The American sociologist Everett M Rogers postulated that “most of the variance in the rate of adoption of innovations from 49 to 87 percent, is explained by five attributes: relative advantage, compatibility, complexity, trialability, and observability.” For many, the perceived complexity of blockchain technology, which in turn damages the perception of compatibility and trialability, and ultimately results in an environment where the benefits of the technology are not sufficiently observable to inspire confidence in would-be adopters. So, then how do we achieve concept penetration and build trust within new communities? With NFT-based projects, we can establish transferable use cases and assure functionality with low-risk projects.

The Music Industry and Blockchain Solutions

If we take the music industry as an example, we can focus in on an area where the integration of blockchain technology could significantly streamline and augment current activities. For our purposes here, we will look at gigs, and the royalties generated from these performances. If we then take this sector of the industry, and try to imagine a blockchain based project related to it which doesn’t directly affect the current way things operate, we can display compatibility, trialability, and observability of the technology with minimal risk to the prospective adopter.

In Europe alone, 28 collection societies collect royalties for public performance rights and mechanical recordings in 28 different markets. This means that each individual society must manage a large array of relationships, overcoming a diverse variety of problems ranging from interacting with unfamiliar databases and software, to simple interpersonal difficulties. 

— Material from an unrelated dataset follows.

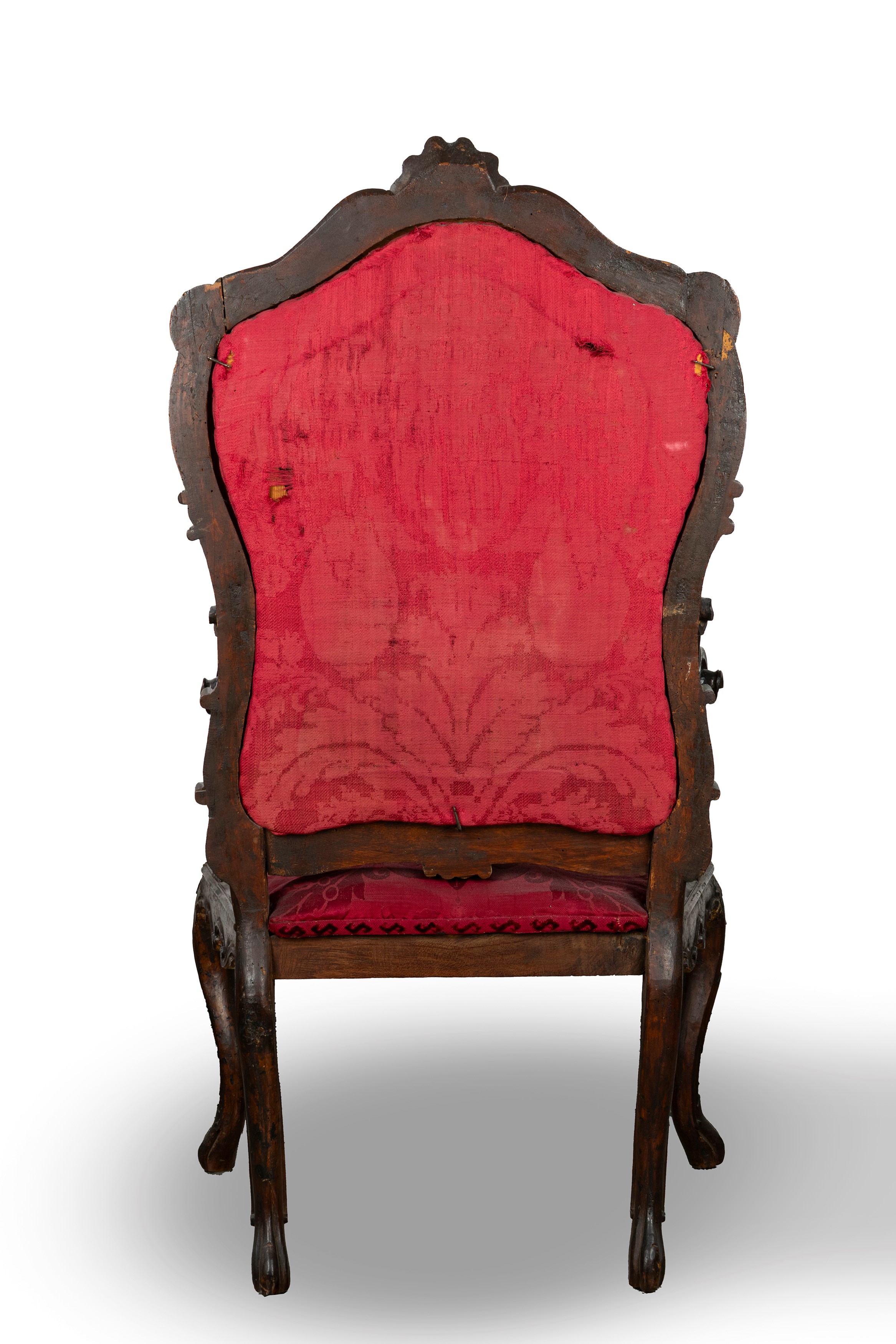 di forma mossa, braccioli terminanti a ricciolo, schienale sormontato da valva di conchiglia (restauri)

A significant stumbling block for artists and collections agencies stems from royalties generated from live performances of copyrighted works, and is founded on the difficulty of establishing trust between members and agencies, and consequently establishing the veracity of claims of performances. As it stands, members must log their performances with a collections agency, and then these performances must go through a review process before being verified.

Augmenting this process with the incorporation of blockchain technology could greatly increase its efficiency, eliminating the review process completely, and would make it impossible for fraudulent claims to be logged. This would protect musicians who are logging honest claims, and make the process by which they are paid for their work much swifter and less complicated.

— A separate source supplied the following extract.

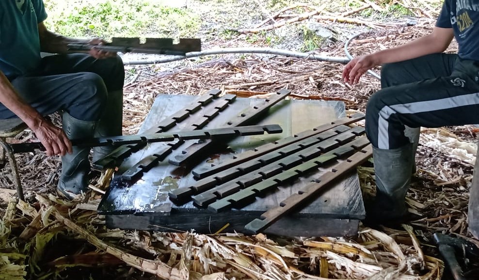 Anteriormente se usaba un trapiche artesanal, impulsado por una yunta de bueyes que daban vueltas para hacerle palanca al trapiche, donde se ponía la caña de azúcar para ser apretada y poder exprimir lo que comúnmente denominan “cochas”.

For instance, a smart contract could be used to ascertain whether or not a gig actually happened. A smart contract is a computer protocol intended to digitally verify the performance of a contract. In this case, the parties involved – the organisation responsible for the venue in which a gig was performed, and the artist who performed the gig – must both agree that the gig happened. This would fulfill the contract, and this fulfilment would be safely recorded without the need for external validation from a third party.  Of course, this would represent a huge change in procedure, and collection agencies would be understandably cautious about committing to an unproven – to them – technology.

An Alternative Approach to Building Trust

Let us then imagine an NFT issued upon attendance of an event. This creates a parallel system operating in the same field as royalty generation and collection, and dependent on the confirmation of the occurrence of the same events, but which does not interfere with the collection agency’s traditional operations. For this to be successful, it requires that the fact that the event has taken place must be confirmed, and for an individual’s attendance at the event be similarly verified. This can be easily accomplished via the methods stated above.

This provides fans with a chance to display their loyalty, and artists could then offer rewards based on the accumulation of a certain amount of collectibles. Fans could be offered exclusive music or artwork downloads, alternative versions of songs, or even meet and greets with the artist, based on a tiered system of concert attendance or merchandise purchase, with each transaction being represented by the possession of a collectible. As the collectible would be issued on blockchain technology, the complete transparency and immutability of the ownership record would reward legitimate interaction only, and prevent the system being exploited.

For the collection agency or artist, we have then proven the applicability of blockchain technology to the betterment of their current operations, while simultaneously creating a new incentive for event attendance, and a new avenue via which to engage with consumers.

This is just one example, but I believe with a little application of creativity, the concept can be transferred to other areas of industry, with NFTs creating opportunities to allay the concerns of hesitant adopters of new technologies, and ameliorate the historically slow rate of acceptance of new innovations.